T-statistic: 22.577954844135466, P-value: 3.1089373891812632e-09
Reject the null hypothesis: There is a statistically significant difference.


# Method 2

## Hypotheses

- **Null Hypothesis $H_0$**: There is no difference in the mean blood pressure before and after treatment: $ \mu_{\text{before}} = \mu_{\text{after}} $
- **Alternative Hypothesis $H_a$**: There is a significant difference in the mean blood pressure before and after treatment: $ \mu_{\text{before}} \neq \mu_{\text{after}} $

---

## Calculations

### 1. Sample Mean of Differences
The sample mean $\bar{d}$ is calculated as: $ \bar{d} = \frac{1}{n} \sum_{i=1}^n d_i $

Where:
- $ n $: Number of samples
- $ d_i $: Difference for the $ i $-th patient ($ d_i = \text{before}_i - \text{after}_i $)


In [7]:
# calculate the differences
difference = list(map(lambda i: after[i] - before[i], range(len(patients))))
print("Differences (d):", difference)


Differences (d): [-8, -7, -6, -7, -5, -8, -7, -7, -8, -8]

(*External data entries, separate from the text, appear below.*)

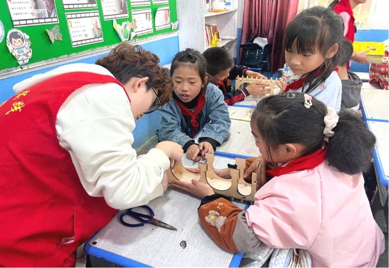 在“桥见贵州”主题课堂上,志愿者通过图文讲解、模型搭建等多种形式,向孩子们生动介绍了贵州世界级桥梁的建设成就,引导他们深入感悟“逢山开路、遇水架桥”的贵州桥梁精神。孩子们亲手拼装桥梁模型,在榫卯结构的拼接过程中理解桥梁的构造原理,沉浸式体验家乡的工程奇迹,从而潜移默化地培养起爱家乡、爱祖国的深厚情怀。从北盘江大桥到坝陵河大桥,志愿者借助鲜活的故事,娓娓道来桥梁建设者的奋斗历程,让孩子们在动手实践中真切理解贵州精神,进一步增强了文化自信与民族自豪感。
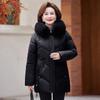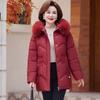 Jaqueta Feminina de Outono e Inverno Cor Sólida com Capuz Gola de Pele Moda Solta Espessa à Prova de Vento Comprimento Médio Jaqueta de Mãe
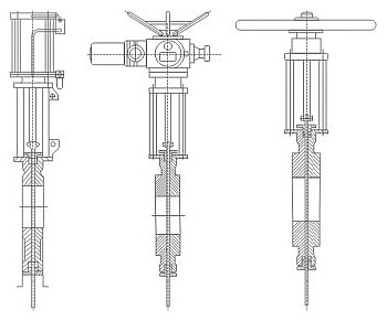 本產品驅動裝置可采用電動、氣動、手動、傘齒輪轉動等裝置。汽動裝置可安裝空氣過濾器、電磁閥、感應器,如安裝以上驅動裝置,汽動裝置應在合同中注明。
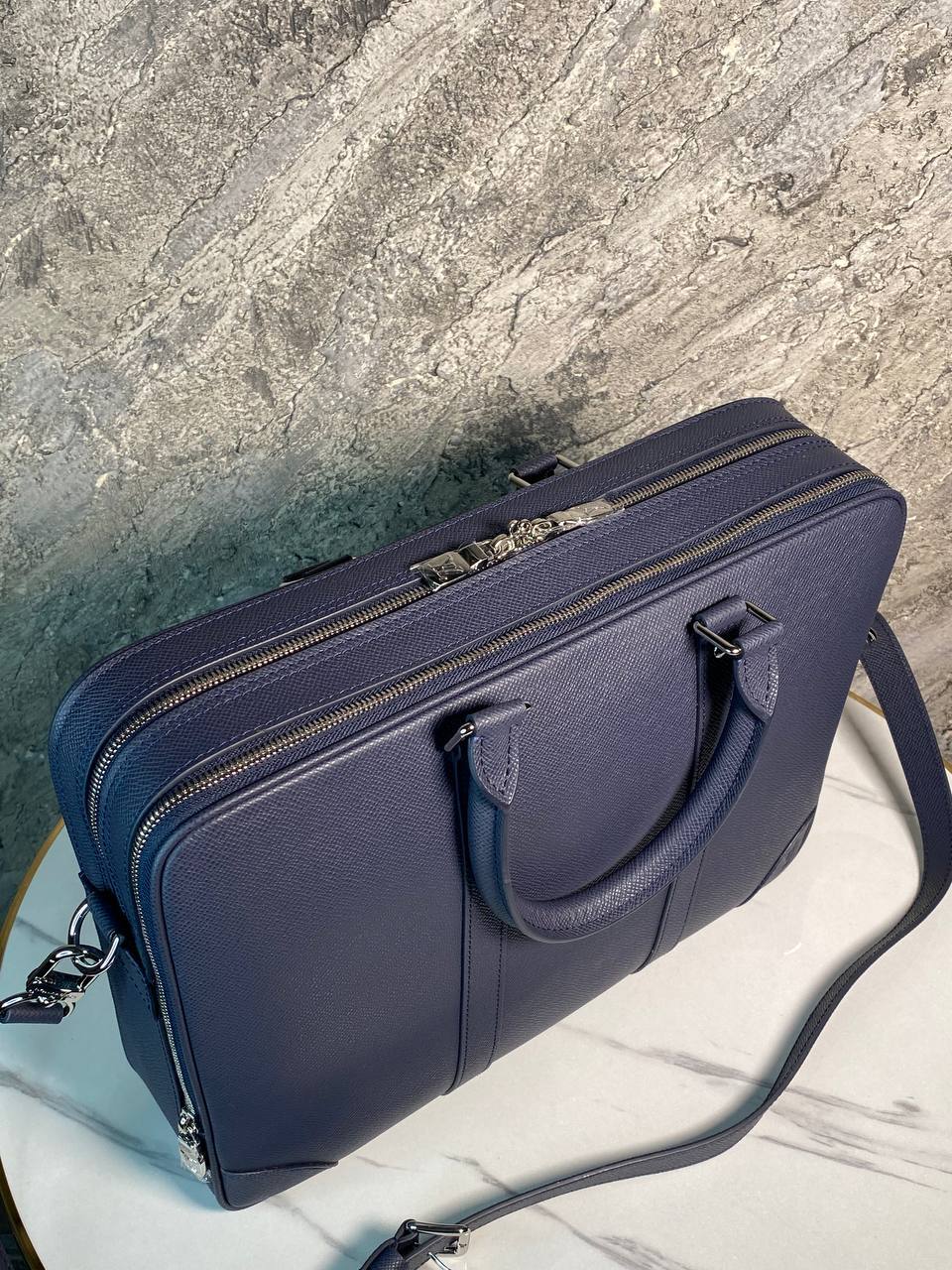 Деловой портфель из сафьяновой кожи синего цвета с элегантным дизайном от известного бренда, идеален для офиса и командировок.

| Patient | Before (mmHg) | After (mmHg) | Difference (d) |
|---------|---------------|--------------|----------------|
| 1       | 140           | 132          | -8             |
| 2       | 145           | 138          | -7             |
| 3       | 155           | 149          | -6             |
| 4       | 160           | 153          | -7             |
| 5       | 150           | 145          | -5             |
| 6       | 148           | 140          | -8             |
| 7       | 153           | 146          | -7             |
| 8       | 165           | 158          | -7             |
| 9       | 149           | 141          | -8             |
| 10      | 155           | 147          | -8             |


### 2. Sample Standard Deviation of Differences
The sample standard deviation $ s_d = \sqrt{\frac{1}{n-1} \sum_{i=1}^n (d_i - \bar{d})^2} $

Where:
- $ \bar{d} $: Sample mean of differences
- $ d_i $: Individual differences
- $ n $: Number of samples

In [10]:
d_bar = sum(difference) / len(patients) 
d_bar

-7.1

### 3. Test Statistic
The test statistic t for a paired t-test is calculated as: $ t = \frac{\bar{d}}{s_d / \sqrt{n}} $

Where:
- $ \bar{d} $: Sample mean of differences
- $ s_d $: Sample standard deviation of differences
- $ n $: Number of samples


In [12]:
import math
n = len(patients)
squared_diffs = [(d - d_bar) ** 2 for d in difference]
print('squared_diffs: ' + str(squared_diffs))
s_d = math.sqrt(sum(squared_diffs) / (n - 1))
s_d
# Bessel's correction 
# n-1 corrects for bias in the estimation of the population variance and ensures an unbiased estimate when working with a sample
print('\n s_d: ' + str(s_d))

t = d_bar / (s_d / math.sqrt(len(patients)))
t

squared_diffs: [0.8100000000000006, 0.009999999999999929, 1.2099999999999993, 0.009999999999999929, 4.409999999999998, 0.8100000000000006, 0.009999999999999929, 0.009999999999999929, 0.8100000000000006, 0.8100000000000006]

 s_d: 0.9944289260117531


-22.57795484413547

## Significance Test

Compare the computed $ t $-statistic to the critical value from the $ t $-distribution table or use the $ p $-value approach:
- If $ p < \alpha $, reject $H_0$
- If $ p \geq \alpha $, fail to reject $H_0$

---


## Conclusion
- Based on the result of the paired sample t-test, p-value is much smaller than 0.05. Thus, we can reject null hypothesis. 
- The reduction in blood pressure is statistically significant.
- Therefore, we conclude that the treatment had a measurable effect on reducing blood pressure.